New waiata collection opens unique Maori history
New waiata collection opens unique Maori history to all New Zealanders
18 July, 2007
Auckland, New Zealand
The final volume in the largest collection of Maori waiata, Sir Apirana Ngata’s Nga Moteatea The Songs, will be launched this Thursday at a function attended by MP Dr Pita Sharples at Waipapa Marae.
“Nga Moteatea is an invaluable resource and a major contribution to Maori literature. We are very proud to have supported the translation project and this offers an excellent opportunity to celebrate the work of Sir Apirana Ngata,” says Professor Linda Smith, Joint Director of Nga Pae o te Maramatanga, the Maori Centre of Research Excellence, who have partly funded the volume.
Nga Moteatea The Songs: Part Four completes the Nga Moteatea series to provide a very important resource to scholars, teachers and students of Maori traditional music and culture through waiata that have always been a central part of Maori life.
Published by Auckland University Press in association with the Polynesian Society, Nga Moteatea The Songs: Part Four appears for the very first time in English as well as Maori, translated by Professor Hirini Moko Mead, and edited by Jenifer Curnow and Dr Jane McRae. It also appears for the first time with audio CDs of many of the waiata sung in Maori. The recordings have been drawn from the Archive of Maori and Pacific Music at The University of Auckland and prepared for publication by Atoll Ltd.
Dr Sam Elworthy, Director of Auckland University Press, says, “Nga Moteatea is a great taonga – a national cultural and literary treasure.
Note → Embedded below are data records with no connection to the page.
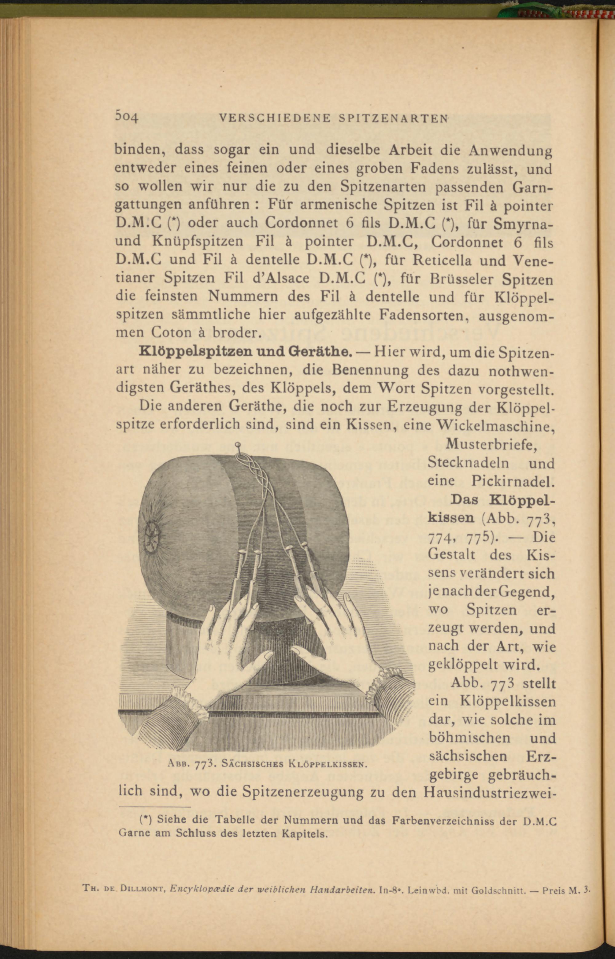 Abb. 773 stellt ein Klöppelkissen dar, wie solche im böhmischen und sächsischen Erz-
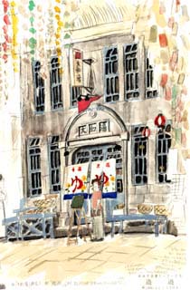 旧時代風の暖簾。男湯・女湯に分けられた入口。入ると、喫茶室のある雑貨店。脱衣籠には激辛せんべい。戸の一つ一つに、漢数字が大々的に墨書してある銭湯時代の木製ロッカーが、現代的な内装の店内で生きている。 奇妙な前歴、古い意匠が、大胆な改造のなかで一層光を放つ。 対象の可能態をも見据える、───恋愛にも近似した、面白がるまなざし。 それが一度死にかけた素材に、いまを生きる力を与える。 |
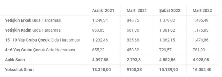 Türkiye İşçi Sendikaları Konfederasyonu (Türk-İş), 2022 Mart ayına ilişkin açlık ve yoksulluk sınırı verisini açıkladı.
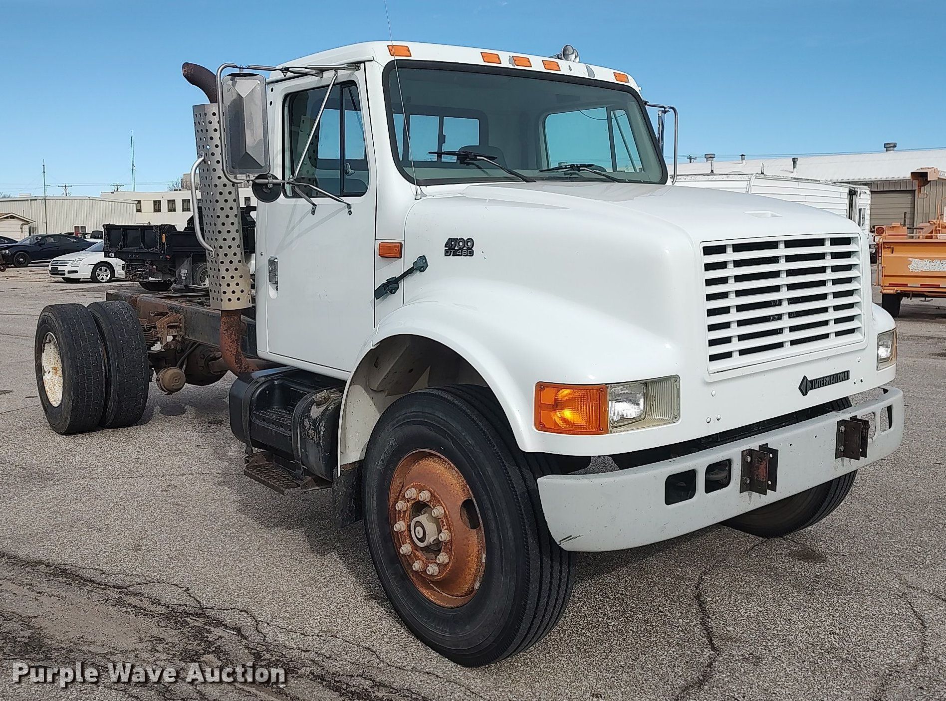 This 1996 International 4700 truck cab and chassis will sell to the highest bidder regardless of price.

Auckland University Press is enormously proud to be publishing the fourth volume in this collection which features many waiata translated and annotated for the first time. We are fortunate to collaborate with the Polynesian Society on these volumes and grateful to the distinguished scholar Hirini Moko Mead for his tremendous editorial and translation work.”
Over forty years, Sir Apirana Ngata collected hundreds of songs and chants from iwi across New Zealand which have become the complete set of Nga Moteatea The Songs.
Only now, more than 50 years after the death of Sir Apirana Ngata and the publication of his biography by Professor Ranginui Walker, is Sir Apirana’s intellectual contribution to the development of our nation coming to be recognised.
Professor Mead’s translation into English opens the readership up more widely nationally and internationally, as Sir Apirana Ngata and the original translator of Nga Moteatea, Pei Te Hurinui Jones, did not translate part four.